Myocardial dysfunction may result from ventricular dysrhythmias, pulseless electrical activity (PEA), and asystole due to hypoxemia, hypothermia, acidosis, or electrolyte abnormalities (less common). In addition, hypoxemia may directly damage the myocardium, decreasing cardiac output.

Pulmonary hypertension may result from the release of pulmonary inflammatory mediators, increasing right ventricular afterload and thus decreasing both pulmonary perfusion and left ventricular preload. However, although cardiovascular effects may be severe, they are usually transient, unlike severe CNS injury.

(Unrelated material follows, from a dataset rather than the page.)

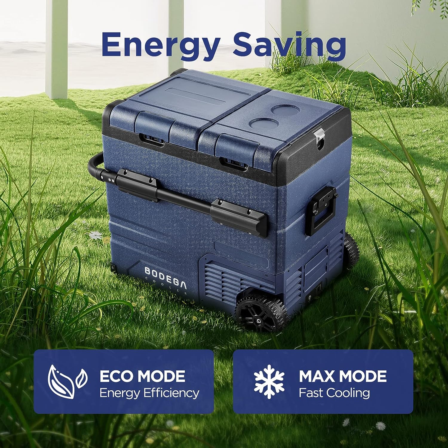 • 👍🥂APP CONTROL & VOLTAGE PROTECTION:Upgraded WiFi connection car refrigerator. BODEGACOOLER car fridge with APP control, you can control the freezer from distance or in car.Intelligent temperature control function to meet the required temperature of various ingredients. H/M/L 3-level low-voltage protection:When the measured DC voltage falls below the cut-off value, the compressor will off to prevent the vehicle from running out of power
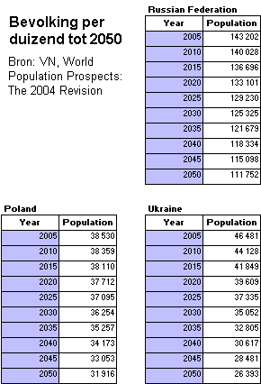 Onderstaande tabel laat de voorspelde bevolkingsafname van de drie landen in de regio met de grootste bevolkingsomvang zien, namelijk Rusland, de Oekraine en Polen. |

Primary arrhythmias, including long-QT syndromes (particularly type I) and catecholaminergic polymorphic ventricular tachycardia (CPVT), may predispose patients to fatal arrhythmias during swimming. Sudden, severe cardiovascular collapse in otherwise healthy patients with brief, witnessed immersion may be the result of existing cardiac conduction defects and may not represent secondary effects of immersion injury. [54] Swimming may serve as an arrhythmogenic trigger and result in the diving reflex, which can lead to autonomic instability. The diving reflex is elicited by contact of the face with cold water and consists of breath-holding, bradycardia, and intense peripheral vasoconstriction. The exertion associated with swimming may additionally result in predisposition to syncopal events.